Having built Python and Mercurial on the server and created a Mercurial user with the SSH keys of the individual developers I thought it would be easy sailing this morning. Not a bit of it and all of the problems stemmed from the lack of by default support for SSH in Windows.

Like most people I use the Putty Tool Suite for my SSH needs on windows. However simply aliasing putty to ssh doesn’t work. There are some key command switches that are different (including the trivial but annoying -P instead of -p for port).

Coming from a Java Subversion background I am used to having a portable library to take care of my ssh protocol needs. I also use OSX for my home development and that obviously provides a UNIX ssh command-line implementation, hence hassle-free SSH based source control.

The command line tool turned out to be the root of all my problems, both Eclipse and NetBeans Mercurial plugins don’t provide an implementation of the Mercurial client, instead they delegate it to the Mercurial client on the host OS, that in turns delegates ssh protocol invocations to the command line SSH.

The solution is simple once you know it, in the Mercurial.ini file you can alias ssh to Putty’s plink executable. There is in fact an example in the Mercurial book. Better still you don’t have to specify the key used if you are using Pageant.

However getting the first station to work was incredibly hard work. I even downloaded Cygwin just to get a more normal Unix ssh but by that point I had put a typo into the ssh alias and was getting a very weird error whenever I invoked Mercurial and I’d lost the forest in the trees.

At one stage I even gave Bazaar a go, hoping that SFTP might cure all my ills. However Bazaar uses Paramiko for it’s SSH support and on Windows that was failing due to its inability to find an OS source of entropy.

Server-side Python also let me down a bit as I was having an issue with the zlib module and after similar experiences with Ruby I knew that this would be because I must have compiled Python before zlib. Despite cleaning and re-configuring Python it still didn’t build the zlib module and in then end I had to go and run configure within the zlib module manually prior to a full Python build. This is exactly the same issue I have had with Ruby, what is the problem with this library?

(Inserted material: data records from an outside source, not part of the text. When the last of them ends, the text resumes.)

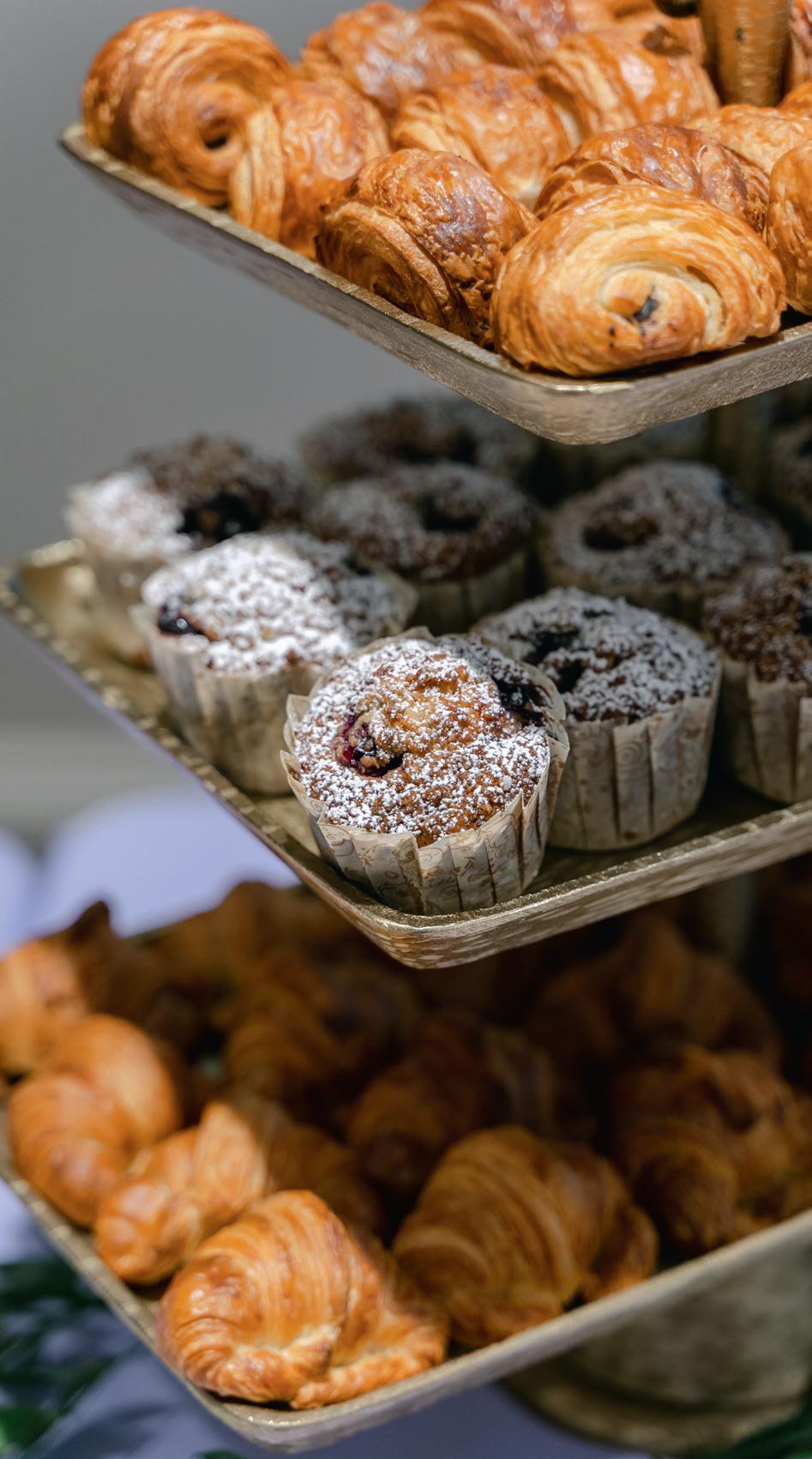 House Baked Butter Croissants, Assorted Miniature Muffins & Danishes, Sweet Butter & Fruit Preserves, Chilled Orange & Cranberry Juices, Freshly Brewed Lavazza Regular Coffee, Decaffeinated Coffee & Organic Teas, Selection of Whole, 2% & Skim Milk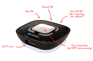 El SharePod es una solución única de emparejamiento para conectar de forma inalámbrica cualquier fuente HDMI en un entorno de wePresent.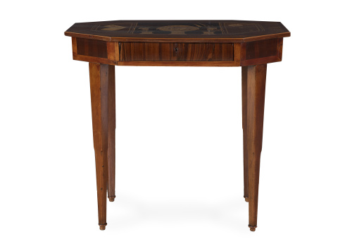 De forma octogonal, sobre patas rectas, albergando cajón central.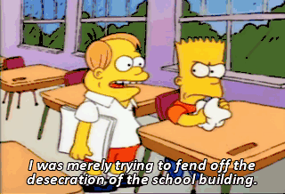 I was merely trying to fend off the desecration of the school building. - Eat my shorts. - Pardon ? Now, I don't want you to worry, class.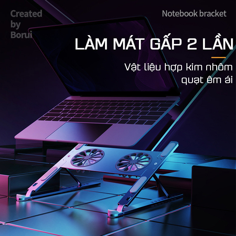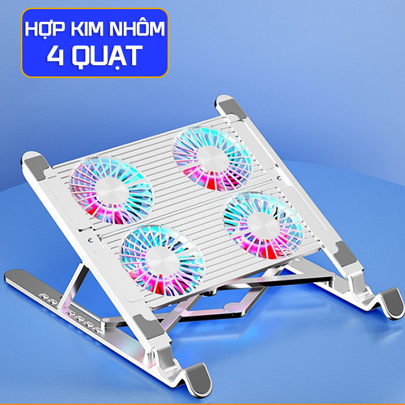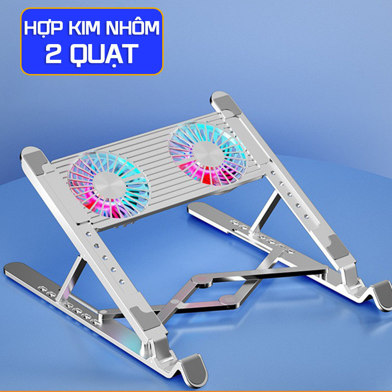 Giá Đỡ Laptop Hợp Kim Nhôm Loại 2 Quạt 4 Quạt Có Quạt Tản Nhiệt LED RGB 8 Mức Chỉnh Độ Cao Cho Laptop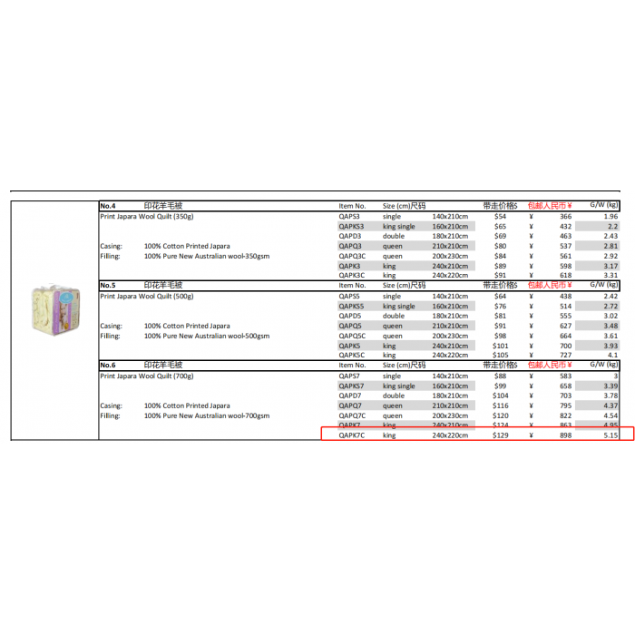 皇冠印花綿羊被700g King size 180*210cm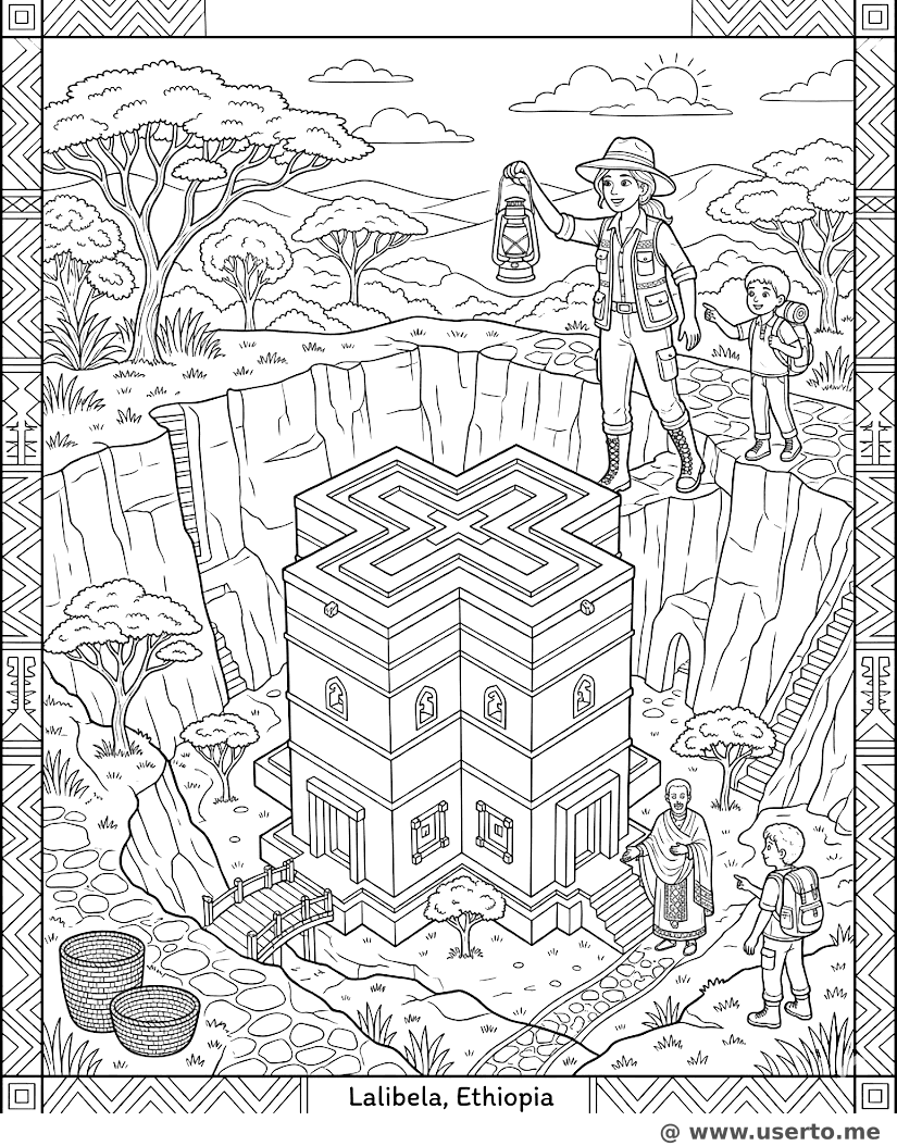 El Descubrimiento del Explorador de Lalibela - AI Coloring Book: To Me Gratis

Once you’ve done it once Mercurial repositories are actually easier to setup and manage than SVN (and that itself is pretty easy once you’ve done it a few times) and if you are working in a UNIX environment then they are extremely compelling.

However on Windows you are currently going to either do a lot of preparatory reading or be ready to set aside six hours to prevent frustration. In my case it probably didn’t help that I am also the one selling the utility of Mercurial. The pioneers always have the arrows in their backs; on the other hand they also get to better places long before anyone else.